In theory, it should then be trivial to swap out the app adaptor from the FixturesAdapter to the RESTAdapter using the ember-data library; I suspect it is. The problem is more that at present, the documentation is somewhat scarce. To be fair, the docs are better than they’ve ever been, but a cursory glance at SO searches suggests that plenty of veteran web devs are pretty befuddled by some aspects of the framework. Even if you’re used to using a lot of AJAX, Ember is a little different. AJAX is allowing you to not reload the page, but you’re still doing a roundtrip to the server. In trying to cache and serve content from the store object, Ember is introducing an extra level of abstraction. This is good, but it’s also confusing if you’re trying to hook it up to a REST API. Ember routes roughly follow the same conventions as Rails (which shouldn’t be surprising given the presence of heads like Yehuda Katz on Ember core), but when it comes to doing complex tasks that aren’t simple GET requests (authentication, dynamic routing against the API), quickly you start wondering whether you’re getting it wrong.

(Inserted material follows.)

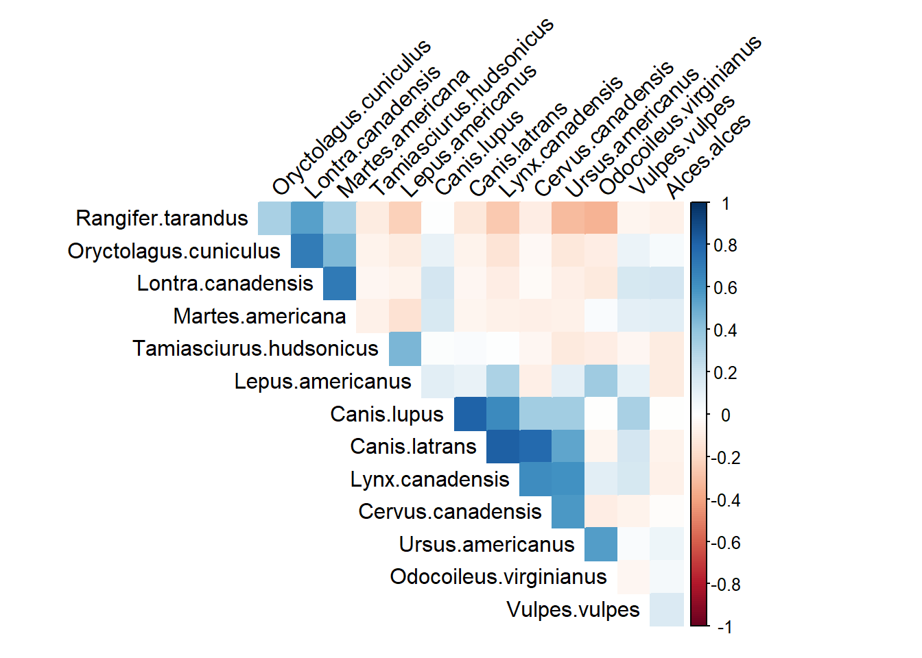 Camera trap data are being increasingly used to model multiple species communities. In the same way in which we used the corrplot package in the (analysis covariates section(#covariates), we can use it to explore the co-occurrence patterns of the species in the community.
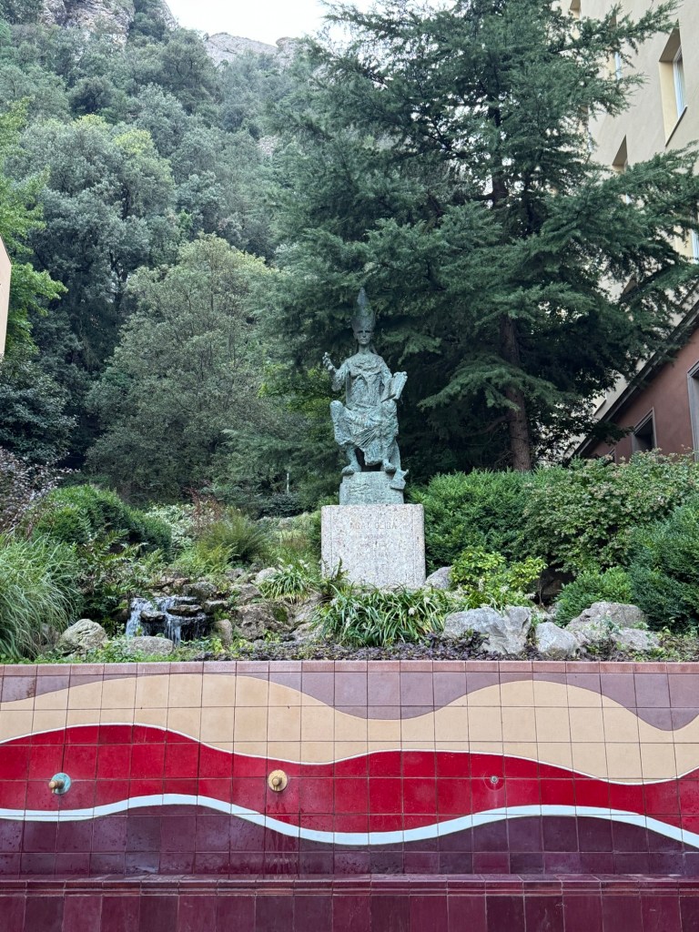 On my way to the basilica, I noticed an important piece of information. On a noticeboard opposite the rack railways was some information about the funiculars. There was a timetable for the funicular going up the mountain. There was also a notice that the funicular going down to Santa Cova was closed for emergency repairs until further notice. Our original plan had been to go down to Santa Cova that day, but between Graham’s nap and our late lunch, it was too late to attempt this. This worked out. Last year Graham headed down in that general direction and he commented that the first part of the trail is quite steep and very close to the cliff edge. As I struggle with going down steep hills and I am terrible with heights, I knew that if we could not use the funicular to get down the steep part, Santa Cova was off the menu.

Even creating a form to post back to the API isn’t straightforward. One post from pivotal takes what appears to be a more canonical Ember approach, while a more recent Openshift blog takes a completely different approach, handing off the data binding entirely to jQuery scripting in the controller. To be sure, this is the Wild West compared to Rails; dynamic data binding results in this fantastic SO question where, much to the horror of us server-side app engineers, we are reminded that because the app is purely client-side, the models are being continually updated, meaning that form entries persist even if the ‘back’ button is hit.

So, if you’re already within a Rails app, frankly it probably makes more sense to use standard AJAX calls or UJS to accomplish most of the user-interactive things that you might want to use a JS framework for. That said, if you’re planning on moving to a SOA approach, or you have several high-use areas of your application, then Ember might be what you’re looking for. In our case, despite its quite steep learning curve, it is definitely the tool for the job, and I look forward to deploying several mini apps in our main Rails application. As for the hyperbole surrounding the framework? It’s fantastic, yes, but it’s also clear that many tasks will still be better served by a server submit/page reload in most cases… at least for now.